Райнер Рильке - Записки Мальте Лауридса Бригге
Что еще? Ребенок в коляске. Опухший, зеленый, на лбу четкая сыпь, она, видно, уже подживала, ему было не больно. Ребенок спал, рот был разинут, вдыхал йодоформ, чад картошки и страх. Вот так-то. Главное, что живешь. Это главное.
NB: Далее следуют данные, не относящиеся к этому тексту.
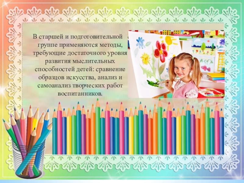 Слайд 6В старшей и подготовительной группе применяются методы, требующие достаточного уровня развития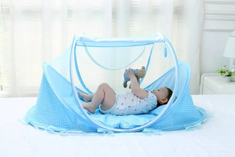 Um berço portátil com o véu de proteção para a mamãe não precisar mais se preocupar com mosquitos.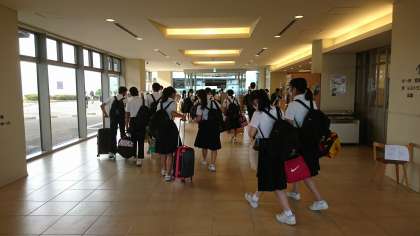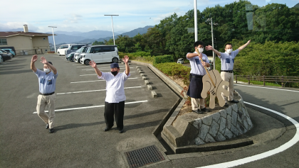 ホテルの方々に見送られ、ラフティング会場のある高知県大豊町に向けて出発しました。

Никак не могу отучиться спать с открытым окном. Судорожный дребезг трамвая насквозь пробивает комнату. Надо мной проносятся автомобили. Хлопает дверь. Где-то разбилось со звоном стекло, большие осколки хохочут, хихикают мелкие, я все это слышу. Потом вдруг — сдержанней, глуше — шум с другой стороны, где-то в доме, внутри. Кто-то идет по лестнице. Идет, идет — без конца. Уже тут, давно уже тут. И — мимо. И снова улица. Визжит девушка: «Ah, tais-toi, je ne veux plus»[6]. Вверх летит звон трамвая, над всем, сквозь все, прочь, прочь. Кричит кто-то. Бегут, обгоняют друг друга. Собака лает. Какое облегченье — собака! Под утро даже поет петух невыразимая благодать. Потом, вдруг, я засыпаю.
Это шумы. Но есть кое-что страшнее шумов — тишина. Я думаю, во время большого пожара наступает такой мучительный миг: водяные струи опадают, уже не карабкаются вверх пожарные, все замирает. Медленно рушится сверху черный карниз, и всей стеной, схваченной огнем, дом кренится — беззвучно. Все стоит, застыв, сжавшись, ждет страшного удара. Вот такая тут тишина.
Я учусь видеть. Не знаю, отчего это так, но все теперь глубже в меня западает, не оседает там, где прежде вязло во мне. Во мне есть глубина, о которой я не подозревал. Все теперь уходит туда. И уж что там творится — не знаю.
Сегодня писал письмо и вдруг сообразил, что ведь я здесь всего три недели. Три недели в другом месте, в деревне например, промелькнули бы как один день, здесь это целая вечность. И не буду я больше писать писем. Зачем сообщать кому-то, что я меняюсь? Если я меняюсь, я уже не тот, кем был, я уже кто-то другой, и, стало быть, у меня нет знакомых. А чужим людям, людям, которые не знают меня, я писать не могу.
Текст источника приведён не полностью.